*** RECORDS TO USE Section Begins ***
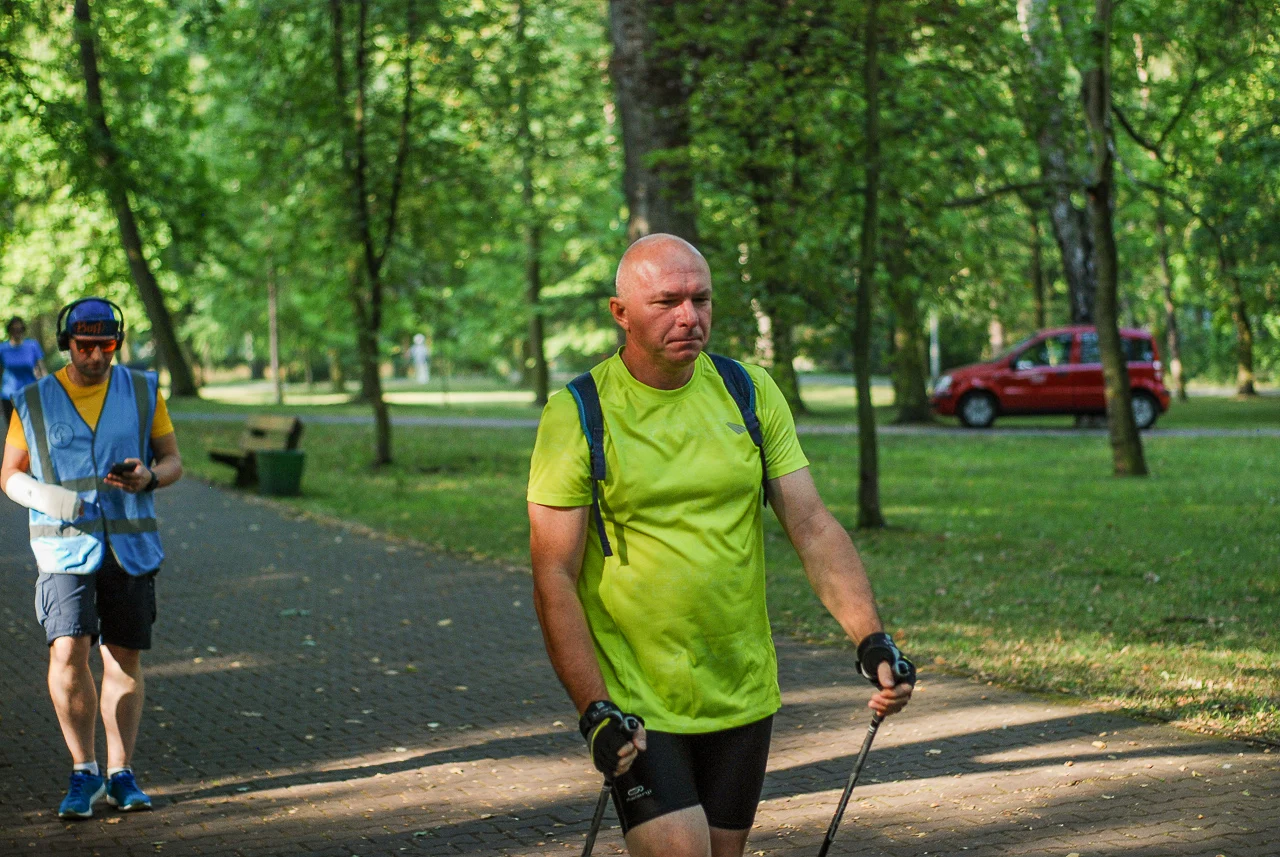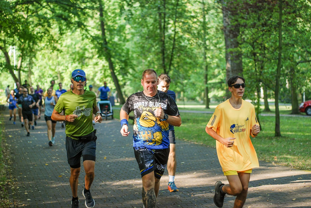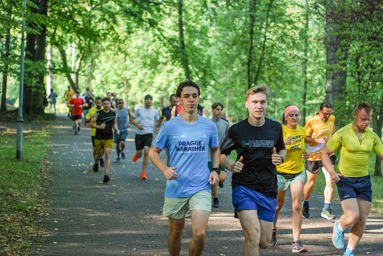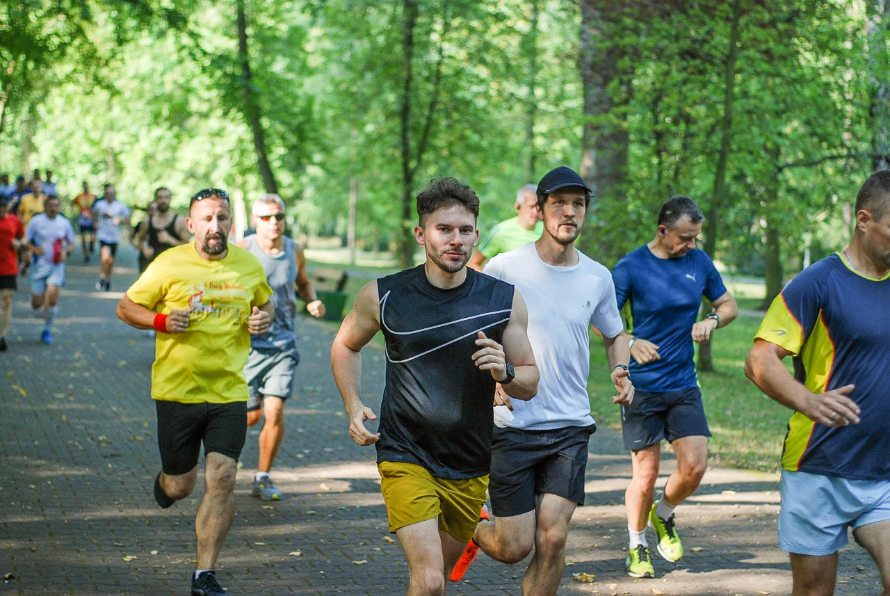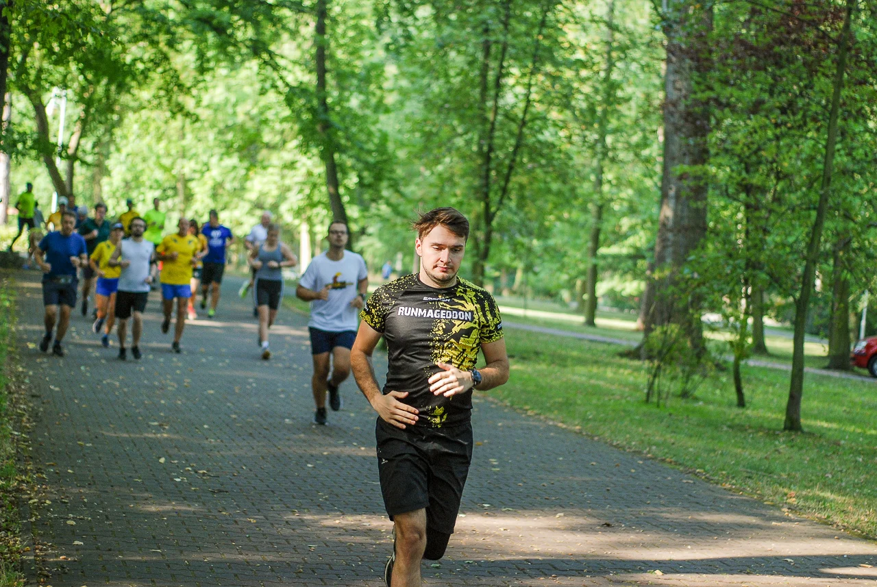 Kilkudziesięciu biegaczy i zawodników nordic walking, jak co sobotę udało się na 5 kilometrową trasę biegnącą alejkami Parku imienia Tadeusza Kościuszki. Przed głównym startem odbył się, tradycyjnie, bieg dla bajtli, a jeszcze wcześniej szybki quiz ślonskiej godki. Sprawdzano, czy zawodnicy znają takie słowa jak zoki, tasza czy batki.
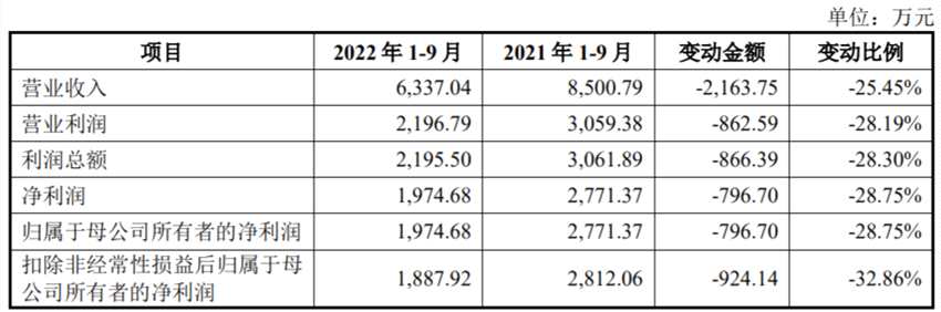 2022年1-9月,公司實現(xiàn)營業(yè)收入6337.04萬元,同比下降25.45%;凈利潤/歸屬于母公司所有者的凈利潤1974.68萬元,同比下降28.75%;歸屬于母公司所有者的扣非凈利潤為1887.92萬元,同比下降32.86%;經(jīng)營活動產(chǎn)生的現(xiàn)金流量凈額為1274.26萬元,同比增加268.10%。
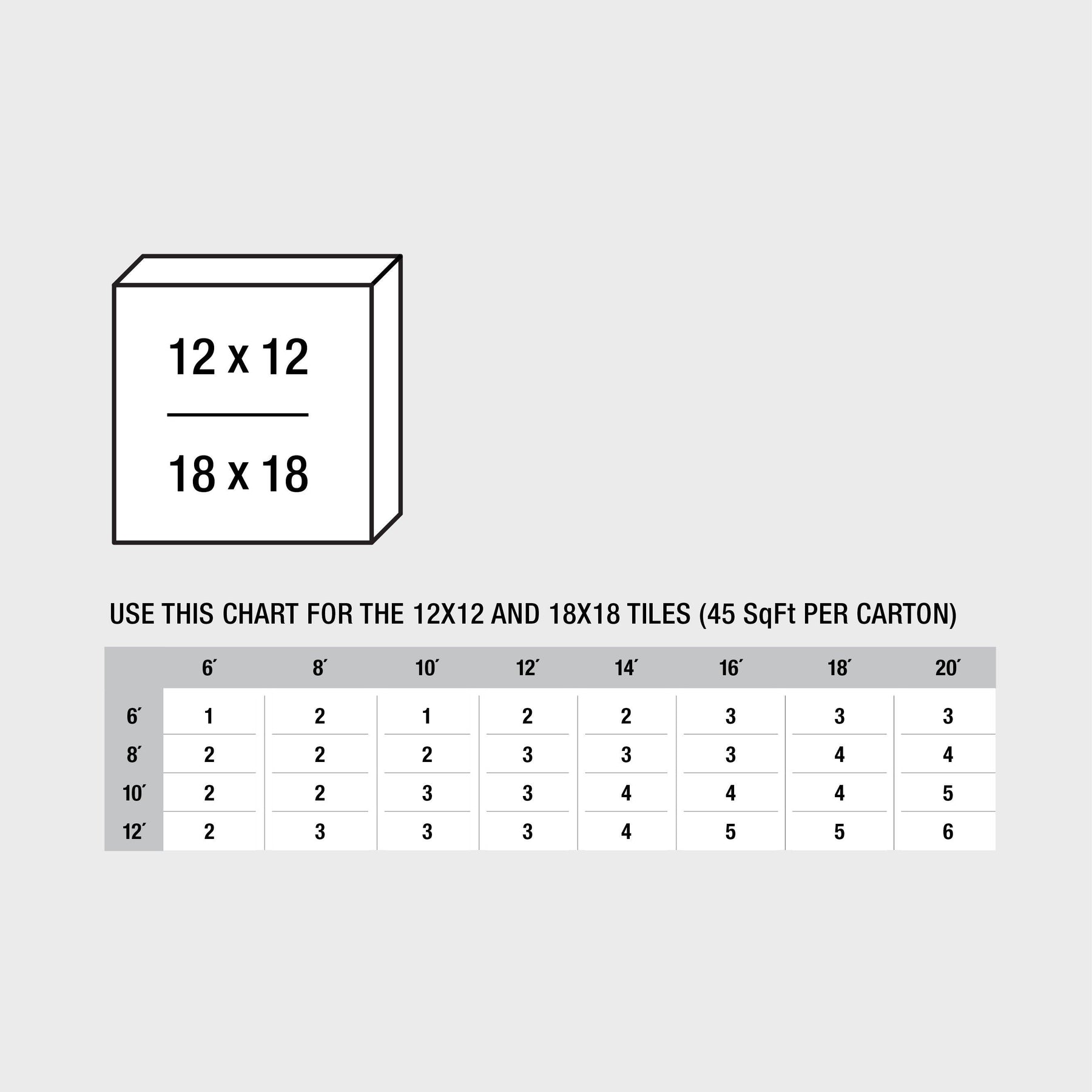 Generous Coverage: 45 sq ft per box; 18" x 18" tiles (20 per carton)
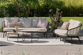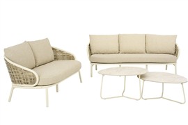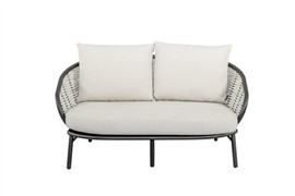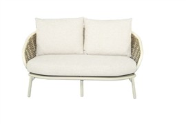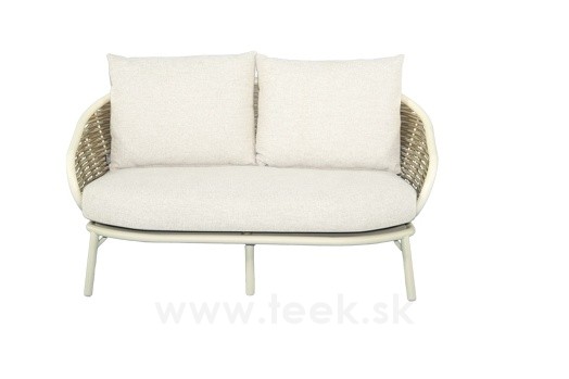 2-miestna pohovka Pine Key, Apple Bee, 145x83,5x79 cm, rám hliník Oyster (krémová), výplet umelý ratan Seashell, sedáky vonkajšia látka Cotton Flower
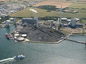 The Asnæs Power Station (Danish: Asnæsværket) is a woodchip power plant operated by Ørsted A/S in Kalundborg, Denmark. It consists of three active units, which deliver 147 MW (Unit 2), 270 MW (Unit 4) and 640 MW (Unit 5). Unit 3 went in service in 1959 and uses a 152.1-metre-tall (499 ft) flue gas stack, while Unit 5, which went into service in 1981, uses a 220.1-metre-tall (722 ft) flue gas stack, the third tallest in Denmark. Its two 60m high coal cranes were dismantled in 2016.[1]
*** RECORDS TO USE Section Ends ***
• **REQUIRED ACTION**
What is needed is an exact reproduction of the data, pictures excluded.

• **SOLUTION TO THE EXERCISE**
 Kilkudziesięciu biegaczy i zawodników nordic walking, jak co sobotę udało się na 5 kilometrową trasę biegnącą alejkami Parku imienia Tadeusza Kościuszki. Przed głównym startem odbył się, tradycyjnie, bieg dla bajtli, a jeszcze wcześniej szybki quiz ślonskiej godki. Sprawdzano, czy zawodnicy znają takie słowa jak zoki, tasza czy batki.
 2022年1-9月,公司實現(xiàn)營業(yè)收入6337.04萬元,同比下降25.45%;凈利潤/歸屬于母公司所有者的凈利潤1974.68萬元,同比下降28.75%;歸屬于母公司所有者的扣非凈利潤為1887.92萬元,同比下降32.86%;經(jīng)營活動產(chǎn)生的現(xiàn)金流量凈額為1274.26萬元,同比增加268.10%。
 Generous Coverage: 45 sq ft per box; 18" x 18" tiles (20 per carton)
 2-miestna pohovka Pine Key, Apple Bee, 145x83,5x79 cm, rám hliník Oyster (krémová), výplet umelý ratan Seashell, sedáky vonkajšia látka Cotton Flower
 The Asnæs Power Station (Danish: Asnæsværket) is a woodchip power plant operated by Ørsted A/S in Kalundborg, Denmark. It consists of three active units, which deliver 147 MW (Unit 2), 270 MW (Unit 4) and 640 MW (Unit 5). Unit 3 went in service in 1959 and uses a 152.1-metre-tall (499 ft) flue gas stack, while Unit 5, which went into service in 1981, uses a 220.1-metre-tall (722 ft) flue gas stack, the third tallest in Denmark. Its two 60m high coal cranes were dismantled in 2016.[1]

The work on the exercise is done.